Returning to my room on Granville Street, the cops continued their interrogation and - what I took to be - harassment. I didn't hesitate to tell them what I thought of their man-handling maneuvers. I wanted the whole building - no, the whole world - to know that I was innocent! In my version of events, I was just a sweet young lass sitting at home on a sunny afternoon, enjoying a cup of gin, when a band of rogues busted into my room and assaulted me (for no apparent reason), and now they had the gall to talk to me in a threatening tone! They should be apologizing, for fuck's sakes! Fucking pigs!! Of course, that was then. Today I realize they were just doing their job. And I was probably a really annoying part of their day. At best. More likely, they don't even remember me, because they deal with trash like that day in and day out. That's their thing.

At the time, though, I was pissed. The gin had reached it's peak of fury. Funny how booze adapts to the situation. Sometimes it would turn me into a sleepy puppy. And sometimes it would turn me into a raging pitbull. Today I was a pitbull. And it was their fault. Of course. Who else could be blamed? I was surrounded. They loomed over me as I sat in that smelly armchair by the payphone - four or six of them. So smug in their uniforms. A crowd of tenants had gathered in the common area to see what was happening. Everybody liked a good show. The crazier the better. Especially this crowd. The hotel was full of society's rejects, crazies of all shapes and colors. There were alcoholics, drug (mostly methamphetamine) addicts, and then the mentally disordered, which of course also included the boozers and meth heads. The whole place was basically a circus.

I had to do something. I had to let them know they haven't won! Not that easily! In one final vain attempt to prove my righteousness, I defiantly kicked over the battering ram they had leaned against the wall, not too smartly, within my leg's reach. I later found out it broke when it hit the ground. Split in two. Victory was mine! What I had won I wasn't exactly sure. But it was something, damn it. A small medal of valor. Sure, they got me, this time, but not without a fight. I'd show them not to mess with me. That's right, I'd show everybody.

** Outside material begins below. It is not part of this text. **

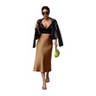 Kadın Saten Kalça Balık Etek Koyu Kahverengi

We waited there together in the lobby - the cops, the crowd, and me - for a couple of plainclothes officers who were to take things over. You know, now that the "dangerous" part of the operation was over. Two guys finally showed up. I remember them as having mustaches, but that could just be the result of watching too many 1970's cop shows. One thing was clear. The plainclothes had a much friendlier disposition than the uniforms. They played along with me. They escorted me down the stairs, out the front door, and there we waited. I didn't know for what so I asked. One of them said we were waiting for an ambulance. Finally, some service! I asked for a cigarette and got one. Wow, these guys really knew how to treat a gal. Real gentlemen. I managed to grab hold of the cigarette with my right hand, despite my hands being cuffed behind my back (not because I'm super flexible, but because my diet of gin and crackers had taken me down to a slim-and-trim 45 kilos (do your own math, America). The officers laughed. And my mood lightened.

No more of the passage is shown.